Anyway there are hundreds of threads on the net with folks complaining and discussions about how to change this and none seems to work permanently.  I've been meaning to call AT&T and see what they say, but it's still so fast compared to dial-up I've been procrastinating.  You see the difference mainly in playing videos.


----------



## SeaBreeze (Jun 30, 2015)

AZ Jim said:


> 13.13mbps up 4.5mbps down.  The meter only goes to 20mbps, how can the OP get 35?

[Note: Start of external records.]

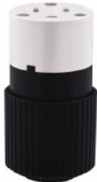
Straight Blade Connector.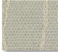
Coastline ND0 Beach Glass E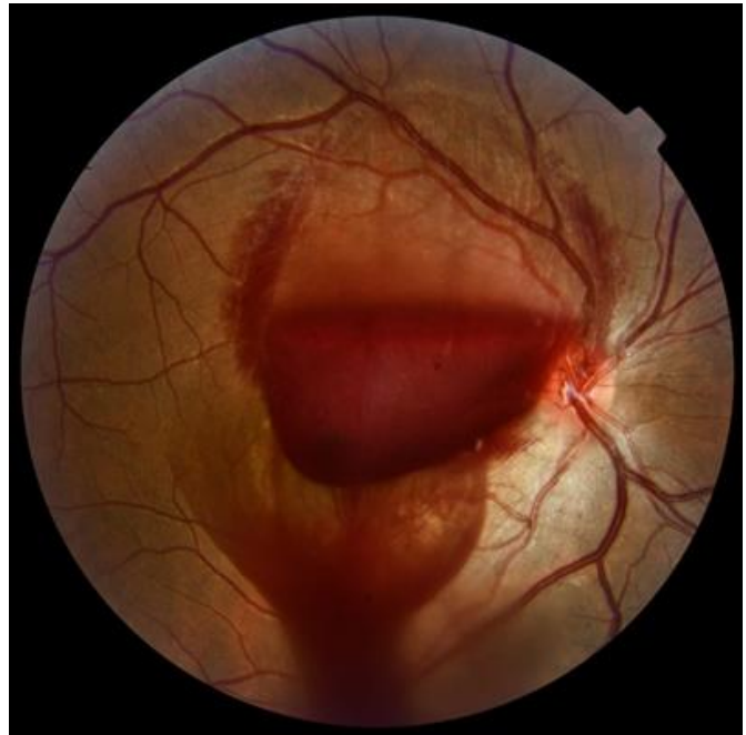
Figure 1 Drainage of preretinal hemorrhage into the vitreous cavity is seen in the right eye within moments following the Nd-YAG laser hyaloidotomy.

Patients with Valsalva retinopathy often give a history of recent heavy lifting, straining, vomiting, coughing, or the labor of childbirth. 3,4 With rupture of a retinal capillary or capillaries following the increased venous pressure, intraretinal, preretinal, and vitreous hemorrhages may occur. In younger patients with an intact posterior hyaloid, the preretinal hemorrhage becomes encapsulated in the

I just did mine again, I guess these numbers constantly change, but mine's still high.  The meter shows 20mbps *+*, maybe the plus means more on the meter?  I don't know much about this stuff either.


----------



## imp (Jun 30, 2015)

NancyNGA said:


> Imp, do you by any chance have a router with both DSL and WiFi connection?    And AT&T service?  I do and the thing absolutely refuses to connect any way but WiFi, so I'm getting numbers comparable to yours and think that is why.  I'm not very literate in this stuff so I could be wrong.
> 
> Anyway there are hundreds of threads on the net with folks complaining and discussions about how to change this and none seems to work permanently.  I've been meaning to call AT&T and see what they say, but it's still so fast compared to dial-up I've been procrastinating.  You see the difference mainly in playing videos.

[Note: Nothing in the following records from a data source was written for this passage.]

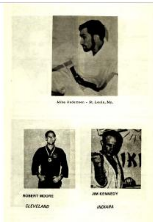
4th Midwest Karate Championships - Peoria, IL - September 18, 1971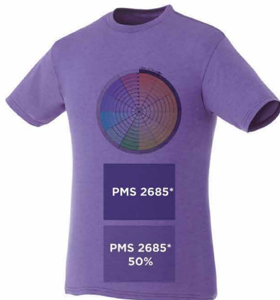
590 PURPLE HEATHER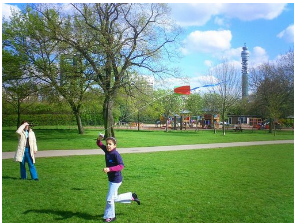
Junior school – playing with kites in Regent's Park.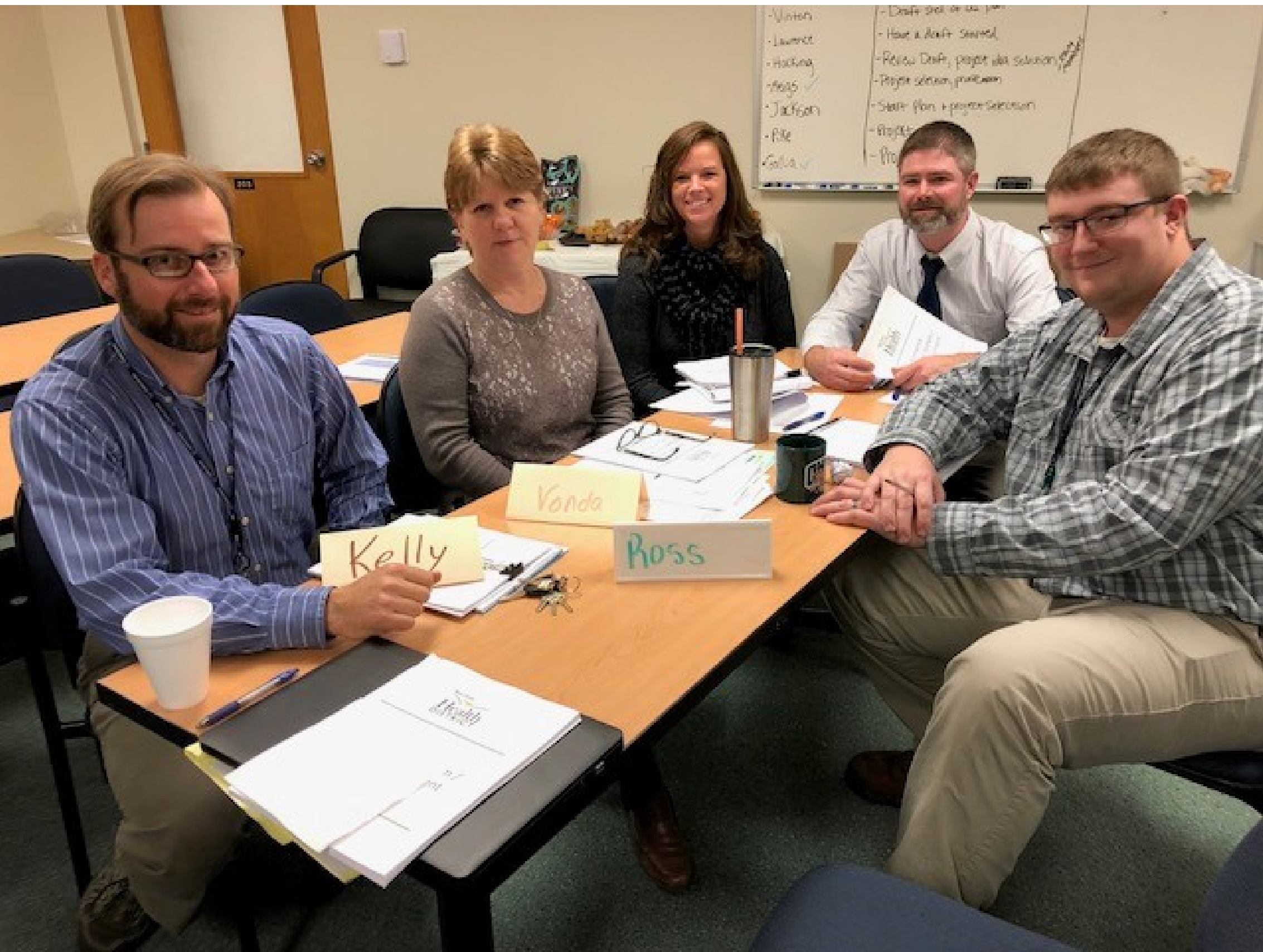
Ross County Health District Quality Improvement team during the in-person QI training.

I do have a router, or modem, some insist it is one or the other, connected into a land-line telephone jack, along with our telephone. Not A,T, & T, however, Frontier Communications is the phone provider here. 

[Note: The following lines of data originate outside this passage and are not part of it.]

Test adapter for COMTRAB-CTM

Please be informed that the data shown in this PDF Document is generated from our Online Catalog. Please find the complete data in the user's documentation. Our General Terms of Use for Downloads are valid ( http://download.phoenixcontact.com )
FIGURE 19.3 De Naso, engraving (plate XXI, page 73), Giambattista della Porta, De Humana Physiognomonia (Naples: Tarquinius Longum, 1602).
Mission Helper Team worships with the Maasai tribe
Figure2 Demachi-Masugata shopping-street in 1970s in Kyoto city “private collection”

Also, admittedly dumb regarding details, but wonder if you would clarify how else but by WiFi would you connect your PC to the router, if that's the set-up you have?    imp


----------



## NancyNGA (Jun 30, 2015)

imp said:


> ...wonder if you would clarify how else but by WiFi would you connect your PC to the router, if that's the set-up you have?    imp



Mine is a router/modem (RM) combined---Netgear 7550. The pc is connected to the RM by an ethernet cable, usually a thick round yellow cable.  The phone line is only connected to the RM.  I have a wireless printer and it works through the RM.  If you check the internet connection status it says it's using WiFi.   If you try to open a broadband connection it sends you to an AT&T website, downloads a huge executable file, and when you run it, it switches connection back to WiFi.:shrug:


----------



## NancyNGA (Jul 1, 2015)

imp said:


> Welll..... Nancy, you surely are more computer-literate than I!  imp



Ha! Ha!  If you read carefully there is no knowledge demonstrated.  Just describing what wires are plugged into what!


----------